3. The appellant herein is an assessee manufacturing chemically treated rubber wood products. The assessee filed its annual returns claiming exemption from payment of purchase tax. In that context, the issue that arose for consideration is whether the assessee is entitled for exemption from payment of purchase tax.

4. The contention of the appellant was that the appellant is eligible for exemption from payment of tax in respect of purchase of rubberwood from unregistered dealers. For the assessment year 1998-99, 1996-97, the assessing authority completed the assessments and granted exemption even from payment of purchase tax. However, after the aforesaid assessment orders were passed, action was taken for re- opening of the assessment for the aforesaid assessment years in question and a notice to that effect was issued to the assessee who in receipt of the aforesaid notice filed its reply contending, interalia, that in view of the exemption certificate granted by the General Manager, District Industries Centre, the assessee is entitled for exemption from payment of purchase tax. The assessing authority considered the records including the objections taken by the assessee and thereafter it held and passed an order of assessment that the assessee is not entitled from exemption of levy of purchase tax under Section 5A of the Karnataka General Sales Tax Act [for short "KGST Act"].

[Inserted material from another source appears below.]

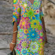 Cette robe à fleurs est conçue pour un usage quotidien ou pour les activités de plein air pendant les saisons chaudes. Elle comprend une encolure en V et des manches courtes avec une coupe droite. La robe tombe au-dessus du genou et est disponible en plusieurs tailles.

5. Aggrieved by the orders of the assessment passed for the assessment year 2001-2002 and orders of re-assessment passed by the assessing authority for the assessment years 1998-99 and 1996-97, the assessee filed appeals before the Kerala Sales Tax Appellate Tribunal, Addl. Bench, Palakkad. The Tribunal by its orders dated 10.08.2004 and 06.08.2007 rejected the appeals filed by the appellant against the order of re-assessment for the years 1996-97 and 1998-99 and also the order of assessment for the year 2001-2002.

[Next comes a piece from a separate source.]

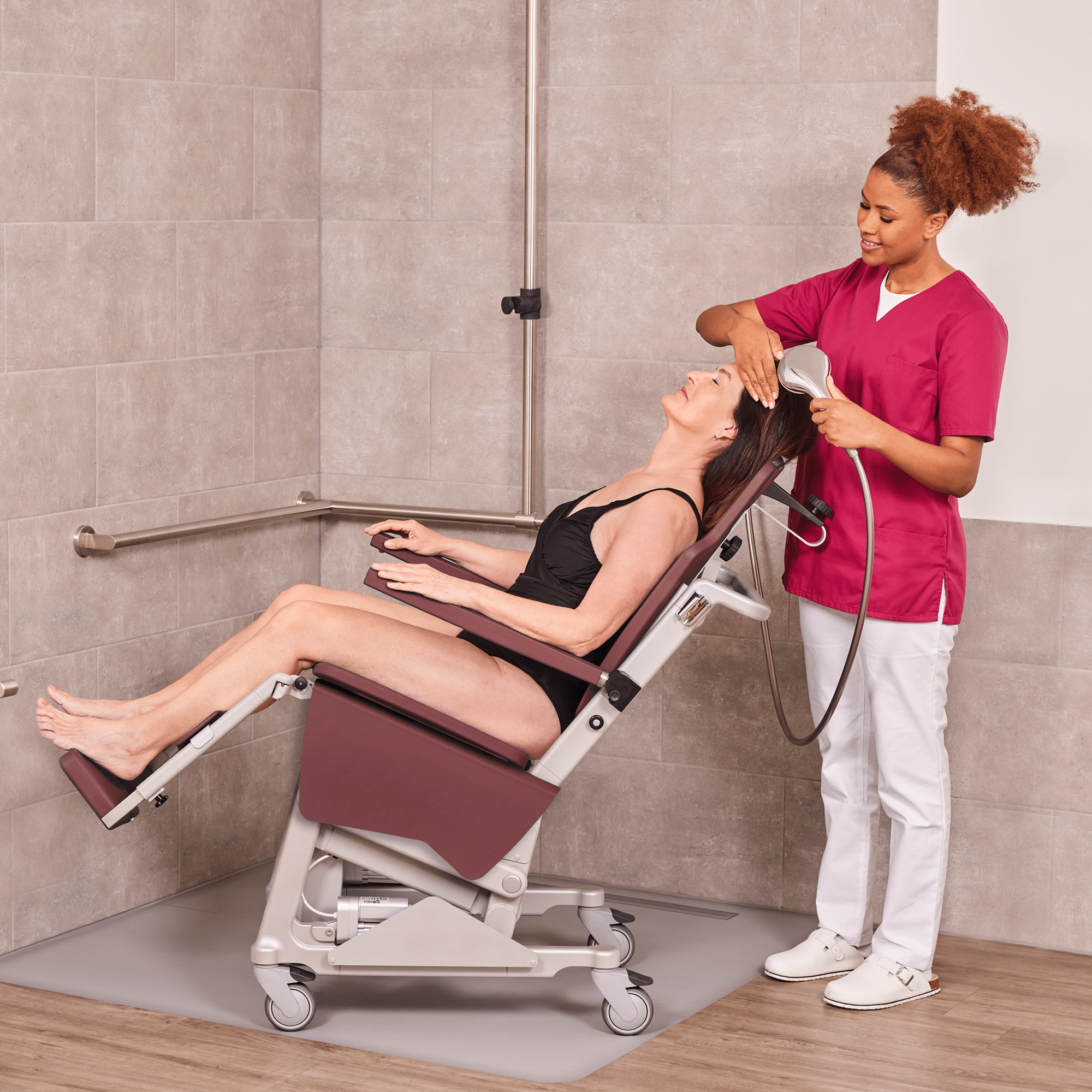 The Milo Shower Chair is an easy-to-use, comfortable solution that supports safe, dignified hygiene care for residents and ergonomic workflows for caregivers. It combines electrically powered, stepless tilt with a flexible cabled hand control for smooth, push-button positioning—plus a stable aluminum frame and soft PUR-foam cushions. Daily use stays simple with magnetic plug charging.

6. Aggrieved by the aforesaid orders passed by the Tribunal, revision petition was filed before the Kerala High Court which was registered as Sales Tax Revision No. 6 of 2008. The High Court, after hearing the counsel appearing for the parties held that the article manufactured by the assessee is not covered by the Notification SRO No. 1729 of 1993 and, therefore, the issue that arises for consideration according to the High Court was covered by the decision of this Court in the case of State of Kerala Vs. Vattukalam Chemicals Industries 2001(6) SCC 764. In that view of the matter, it was held that the assessee was not entitled for exemption from payment of purchase tax. The High Court further held that the assessee at best could be entitled for exemption only on the goods manufactured and sold and no exemption could be granted from payment of purchase tax. The aforesaid findings which are recorded by the High Court are under challenge in these appeals in which we have heard learned counsel appearing for the parties.

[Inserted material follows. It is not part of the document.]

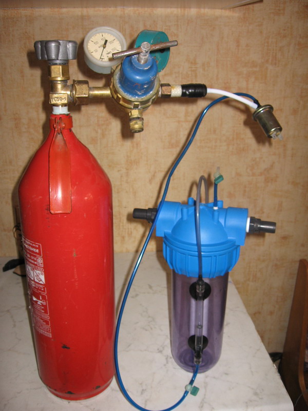 Баллон 4,5 литра (огнетушитель с вентилем), редуктор, игольчатый клапан, магнитный клапан, счетчик пузырьков, реактор.

7. Having considered the submission of the learned counsel appearing for the parties and also the decisions referred to, we are of the view that the facts of the case in hand are similar to the one which was decided by this Court in the case of State of Kerala Vs. Vattukalam Chemicals Industries (supra). Learned counsel appearing for the appellant, however, relied upon two decisions of this Court being Pondicherry State Cooperative Consumer Federation Ltd. Vs. Union of Pondicherry 2008(1) SCC 206 and Vadilal Chemicals Ltd. Vs. State of A.P. and others 2005(6) SCC 292.

8. Having considered the ratio laid down by the aforesaid decisions in the light of the Notifications relevant for the purpose of deciding this case and referred to by the learned counsel appearing for the parties, we are of the opinion that the two decisions which are relied upon by the learned counsel appearing for the appellant are distinguishable on facts. In the aforesaid two decisions relied upon, the exemption certificates which were issued by the District Industries Department consisting of experts on the subject were sought to be interpreted by the assessing authority and thereby arriving at the conclusion for denial of the benefit of exemption to the assessee therein.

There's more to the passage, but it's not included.